ITIL, by definition, focuses on IT service management. However, the main focus of ITIL is service management, said Raup.

“It would certainly benefit higher education to perform service management in a more efficient model,” said Raup.

ITIL is a process-driven model that has been used in the private sector for many years. It promotes efficiency, quality and accountability. Created by the British government in the 1980s, it took off with businesses a decade later. Recently, higher education has initiated its adoption, including Boston University, Ohio State, Emory University and Yale.

According to Nicholas, ITIL is considered a best practice in business, hence making it a logical option for universities to pursue.

“Everyone will benefit from this,” said Raup. “The efficiency will help the bottom line and keep costs down, which helps both student tuitions and alumni who donate to their alma mater. It helps students, faculty and staff from a quality perspective because the services that they receive should be done with more quality and consistency. It also helps staff who perform the services by giving them more structure and greater definition.”

One of the challenges of implementing ITIL or any process-driven model is that by doing so, it often makes things worse before they get better, said Raup.

Nicholas added that as with many large institutions, people tend to work in silos, and process-based work tears down silos, which can disrupt the way people are used to working.
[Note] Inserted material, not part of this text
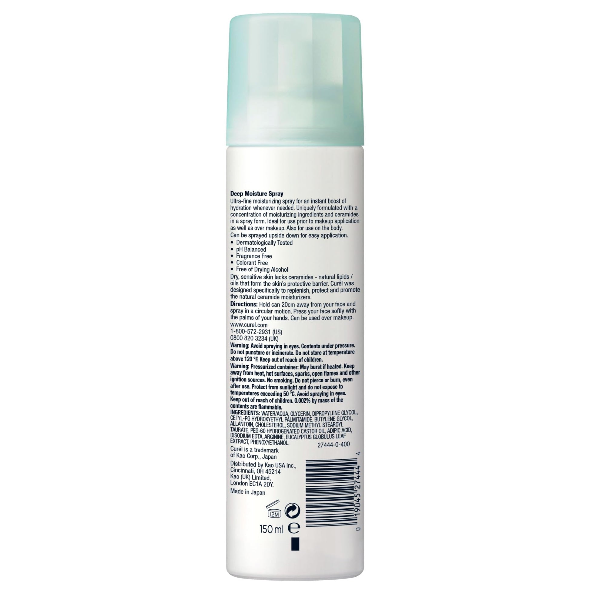 Details: Give your skin a natural, healthy glow with this ultra-fine moisturizing spray! Curel Japanese Skin Care Deep Moisture Spray is a moisture mist that adds an instant boost of hydration whenever you need it. Created by the skin care experts at Curel, this moisturizer spray was designed specifically to replenish, protect, and promote ceramides, natural lipids/oils that form a protective barrier against dryness. The Deep Moisture Spray is ceramide infused and is filled with concentrated moisturizing ingredients for a spray that delivers lasting hydration. Use this face mist hydrating spray before or after makeup for that extra burst of hydration. This facial spray can also be used on the body, a body moisturizing spray and body ceramide infused spray for all-over hydration and visibly healthy skin. This lightweight ceramide infused moisturizer is ideal for dry, sensitive skin, with a Dermatologist Tested, pH balanced, Fragrance Free formula. Colorant-free and free of drying alcohols, this spray on moisturizer delivers lasting dry skin relief. Satisfaction Guaranteed. Limitations may apply.

“It takes a high level of commitment from management and patience from the staff to work through the transformational changes,” said Nicholas. “Culture is one of the biggest hurdles to overcome in a change implementation because people naturally resist change. Leaders need to study successful implementations to discover what works well and manage culture effectively.”

Another key culture change would be in the higher education environment, which according to Raup can be more relaxed, creative and people-focused.

“ITIL is focused on process and metrics, and success is measured by meeting those metrics,” said Raup. “This new metric-focused approach greatly changes the culture by comparing everything to industry standards, which are outside of the immediate reality of university culture.”

Some of these changes are necessary, said Raup. However, the impact is still unclear.

“For example, education typically pays lower salaries than business, but the trade-off is a more flexible and laid-back environment,” said Raup. “As processes and standards become more businesslike, salaries and culture will have to become more businesslike, but is that a good thing?”

The WF ED team said that they would like to expand their research to the University’s IT Transformation (ITX) Program, which is looking to establish shared service management processes and policies for the University over the next five years.

“There are years of research to be done at Penn State alone,” said Raup. “The research done here should be relevant for other higher education institutions across the world.”